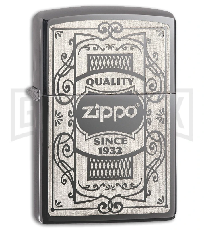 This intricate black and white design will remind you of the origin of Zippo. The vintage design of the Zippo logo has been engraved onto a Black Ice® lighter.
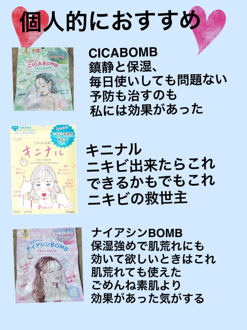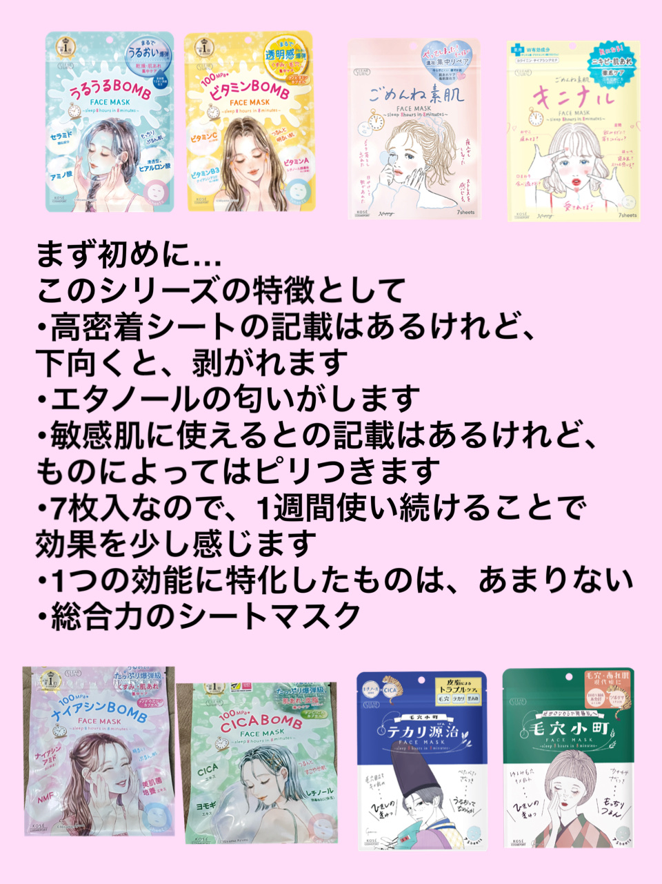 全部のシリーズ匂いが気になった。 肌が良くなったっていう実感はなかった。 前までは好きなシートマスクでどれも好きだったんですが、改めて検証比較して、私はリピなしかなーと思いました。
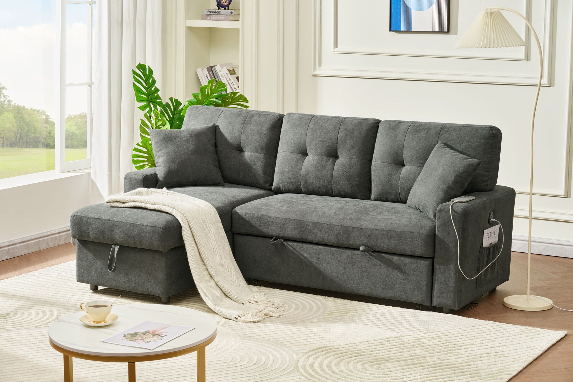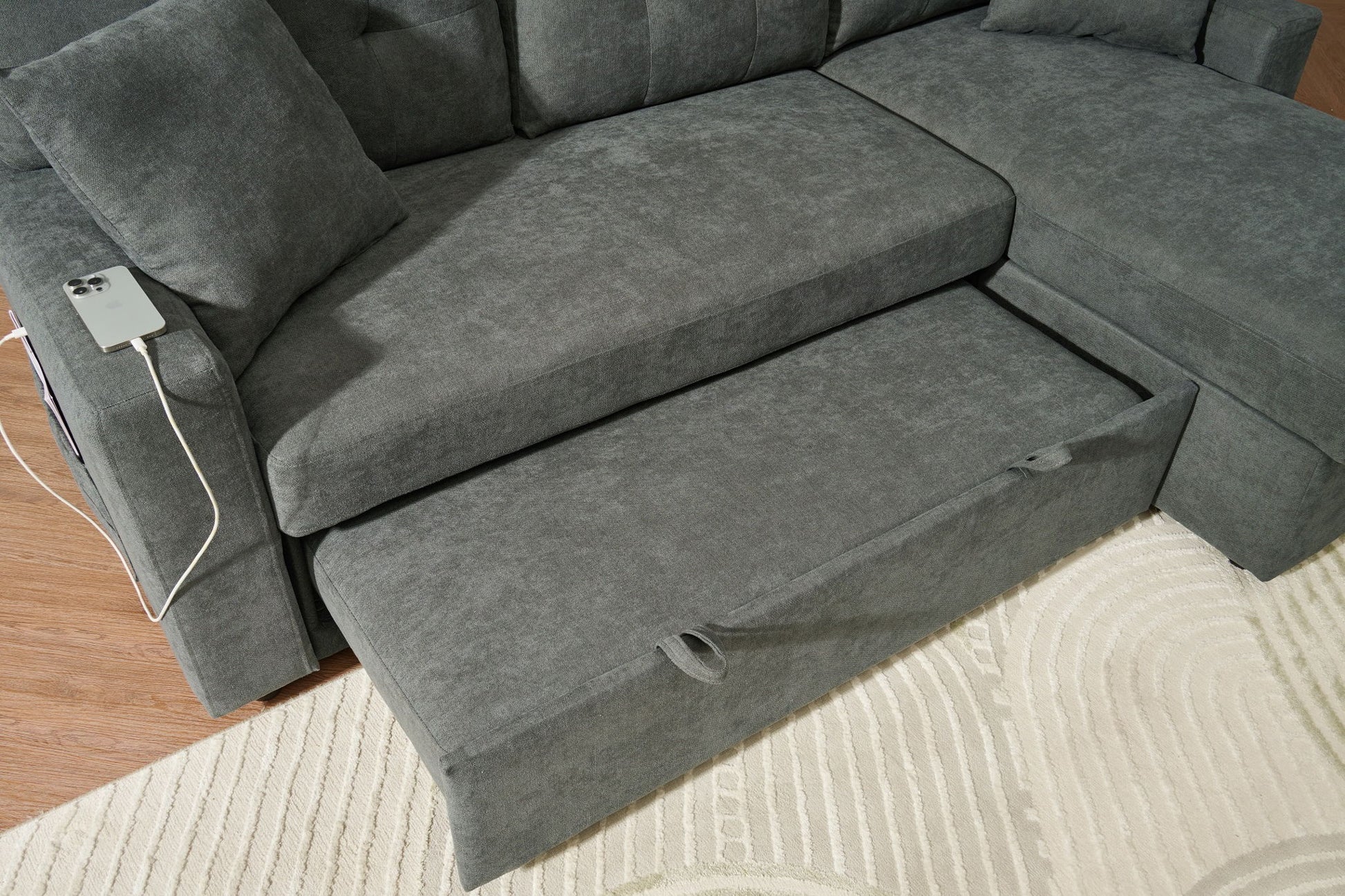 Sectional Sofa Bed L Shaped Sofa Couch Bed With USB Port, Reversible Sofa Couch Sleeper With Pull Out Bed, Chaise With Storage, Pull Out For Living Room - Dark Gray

+ + + + + + +

◆ WHAT TO WORK ON: Return all material verbatim, pictures omitted.

◆ RESPONSE BOX:
 This intricate black and white design will remind you of the origin of Zippo. The vintage design of the Zippo logo has been engraved onto a Black Ice® lighter.
 全部のシリーズ匂いが気になった。 肌が良くなったっていう実感はなかった。 前までは好きなシートマスクでどれも好きだったんですが、改めて検証比較して、私はリピなしかなーと思いました。
 Sectional Sofa Bed L Shaped Sofa Couch Bed With USB Port, Reversible Sofa Couch Sleeper With Pull Out Bed, Chaise With Storage, Pull Out For Living Room - Dark Gray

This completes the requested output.